Assignment:
Everything below from the line with "These 18ct black" through the line with "The Stunning Brown" must be retyped exactly, except the pictures.

Task data below:

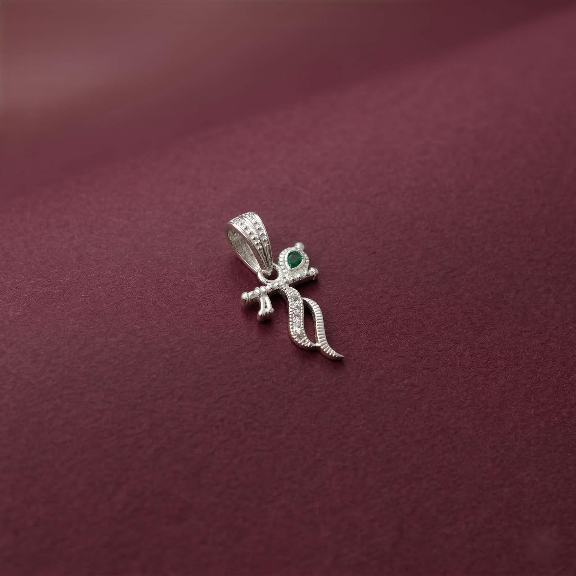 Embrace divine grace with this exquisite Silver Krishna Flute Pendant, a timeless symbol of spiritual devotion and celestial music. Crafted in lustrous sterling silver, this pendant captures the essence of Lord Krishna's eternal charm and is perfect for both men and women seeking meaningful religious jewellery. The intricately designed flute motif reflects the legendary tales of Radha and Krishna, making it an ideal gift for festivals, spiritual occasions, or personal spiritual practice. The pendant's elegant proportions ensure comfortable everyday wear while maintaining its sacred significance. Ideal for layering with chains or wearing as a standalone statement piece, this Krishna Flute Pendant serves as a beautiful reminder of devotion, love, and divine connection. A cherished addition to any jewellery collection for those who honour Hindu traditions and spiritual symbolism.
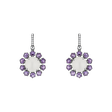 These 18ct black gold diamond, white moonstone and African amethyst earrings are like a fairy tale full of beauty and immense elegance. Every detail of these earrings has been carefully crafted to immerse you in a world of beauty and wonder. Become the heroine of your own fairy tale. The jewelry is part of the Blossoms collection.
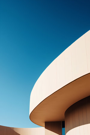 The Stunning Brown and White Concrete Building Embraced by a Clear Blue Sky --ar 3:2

End of Task data.
Task data below:

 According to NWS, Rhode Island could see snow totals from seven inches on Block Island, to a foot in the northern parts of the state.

End of Task data.
Task data below:

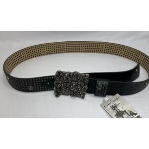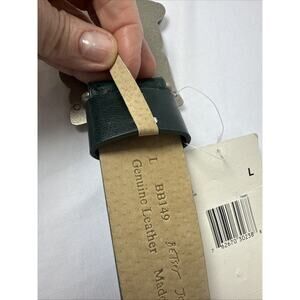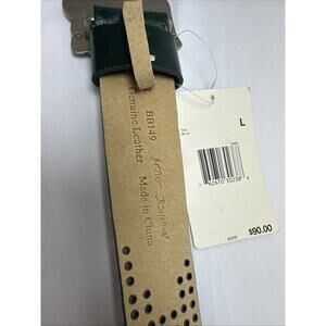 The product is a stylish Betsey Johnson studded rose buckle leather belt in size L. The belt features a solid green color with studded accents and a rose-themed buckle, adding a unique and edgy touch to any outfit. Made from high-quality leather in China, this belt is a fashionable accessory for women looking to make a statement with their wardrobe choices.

End of Task data.

Answer to this task:
 These 18ct black gold diamond, white moonstone and African amethyst earrings are like a fairy tale full of beauty and immense elegance. Every detail of these earrings has been carefully crafted to immerse you in a world of beauty and wonder. Become the heroine of your own fairy tale. The jewelry is part of the Blossoms collection.
 The Stunning Brown and White Concrete Building Embraced by a Clear Blue Sky --ar 3:2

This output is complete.